● **TASK ITEM**: From the very first line of the data to the line containing "- Press out", retype everything exactly, leaving the pictures behind.

● **DATA PROVIDED**:
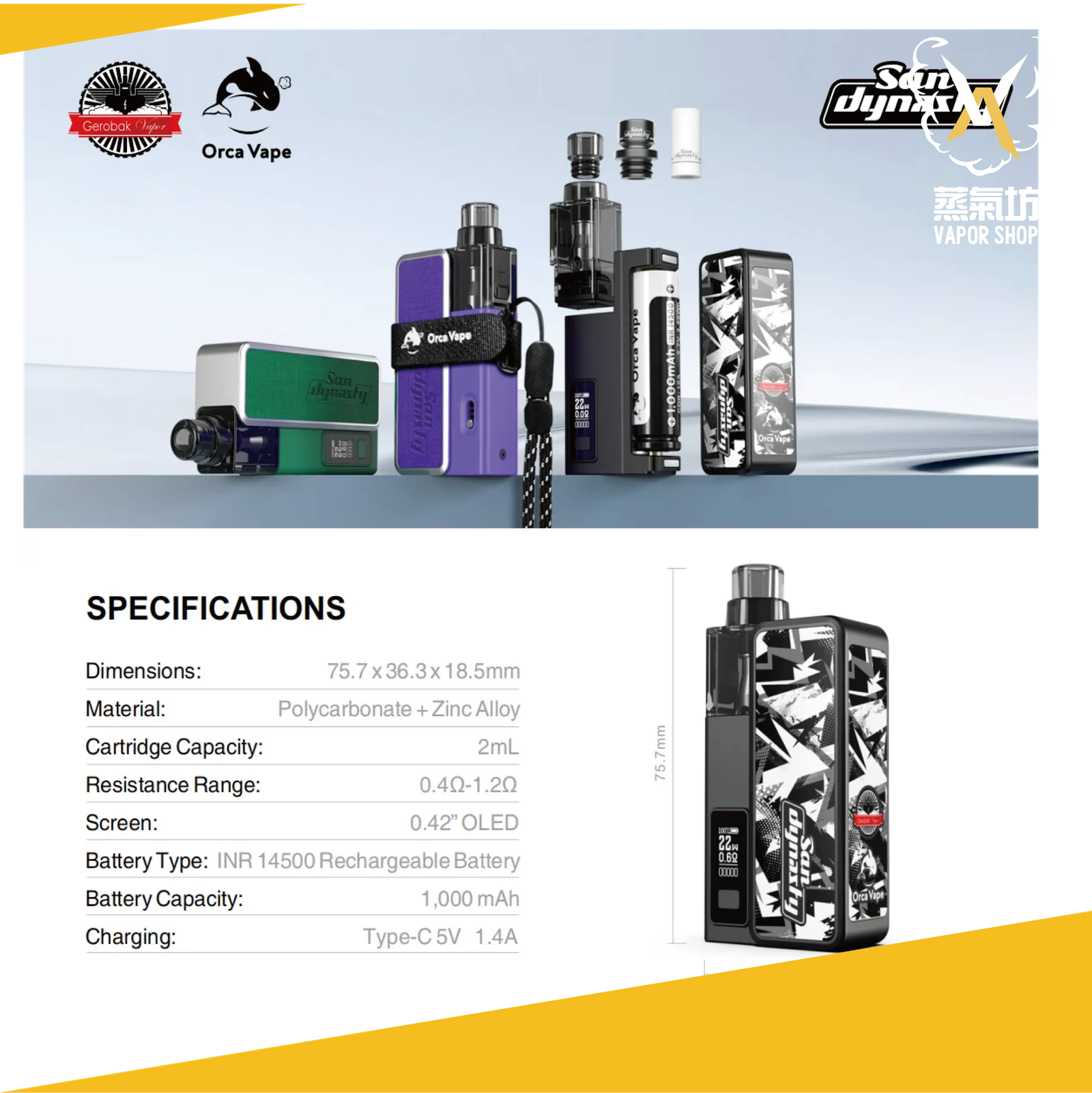 尺寸:75.7*36.3*18.5mm
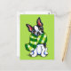 Klicka på "Läs mer" om du vill ändra bakgrundsbilden färg.Boston Terrier Vintertemed Art som gör unika semesterhälsningar, presenter och dekorationer. Konst och design av Andie/Off-Leash Art™. En del av hennes Hundar och katter i uppsamlingen av scarves och hattar.
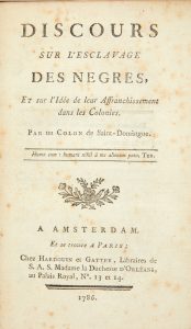 [DUVAL DE SANADON (David)] - Discours sur l'esclavage des nègres, Et sur l'Idée de leur Affranchissement dans les Colonies. Par un Colon de Saint-Domingue. Amsterdam, Paris : Hardouin et Gattey, 1786. — In-8, 190 x 116 : 126 pp., (1 f. blanc),...
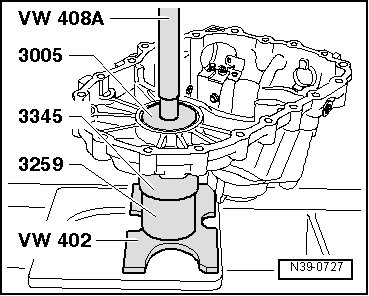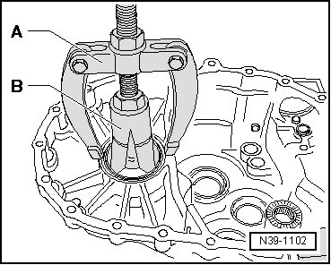 - Press out the outer race/tapered roller bearing with a shim from the clutch housing.
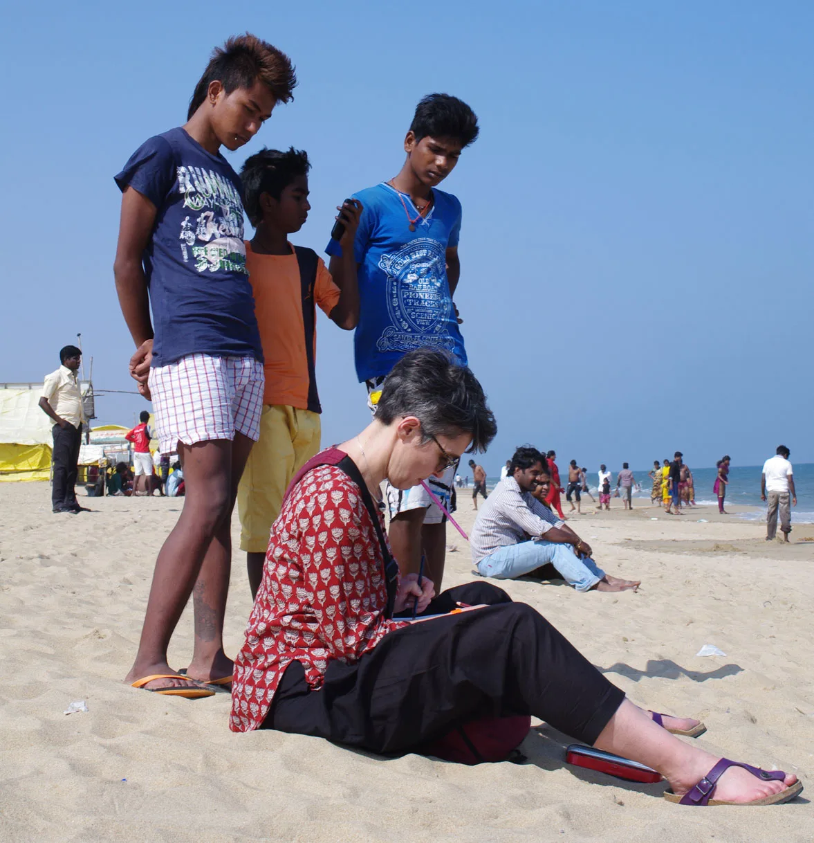 But to begin at the beginning: we had known the wonderful French illustrator Joëlle Jolivet for several years, and finally had the chance to work with her in 2014. Joëlle came to visit us in Chennai that year, and we spent happy times together at our local beach, as she worked on an unusual children’s book called An Indian Beach.
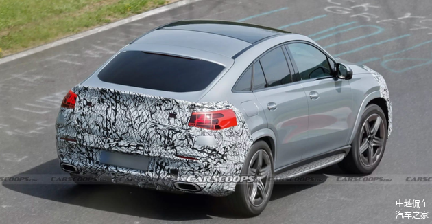 GLE轿跑版则与GLE保持同步升级节奏,前脸设计完全一致,尾部变化更为明显。测试车尾灯区域同样被伪装覆盖,但可观察到后挡风玻璃倾斜角度略有调整,配合收敛的车尾线条,整体视觉比例更加协调,运动气质进一步凸显。
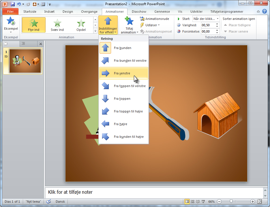Ved hjælp af Indstillinger for effekt-knappen kan du tilpasse indstillingerne for den valgte effekt. Vælger du f.eks. animationseffekten Flyv ind, kan du vælge, om det markerede objekt skal flyve ind fra venstre, fra høje eller fra oven eller fra neden på diaset.

● **WRITTEN REPLY**:
 尺寸:75.7*36.3*18.5mm
 Klicka på "Läs mer" om du vill ändra bakgrundsbilden färg.Boston Terrier Vintertemed Art som gör unika semesterhälsningar, presenter och dekorationer. Konst och design av Andie/Off-Leash Art™. En del av hennes Hundar och katter i uppsamlingen av scarves och hattar.
 [DUVAL DE SANADON (David)] - Discours sur l'esclavage des nègres, Et sur l'Idée de leur Affranchissement dans les Colonies. Par un Colon de Saint-Domingue. Amsterdam, Paris : Hardouin et Gattey, 1786. — In-8, 190 x 116 : 126 pp., (1 f. blanc),...
 - Press out the outer race/tapered roller bearing with a shim from the clutch housing.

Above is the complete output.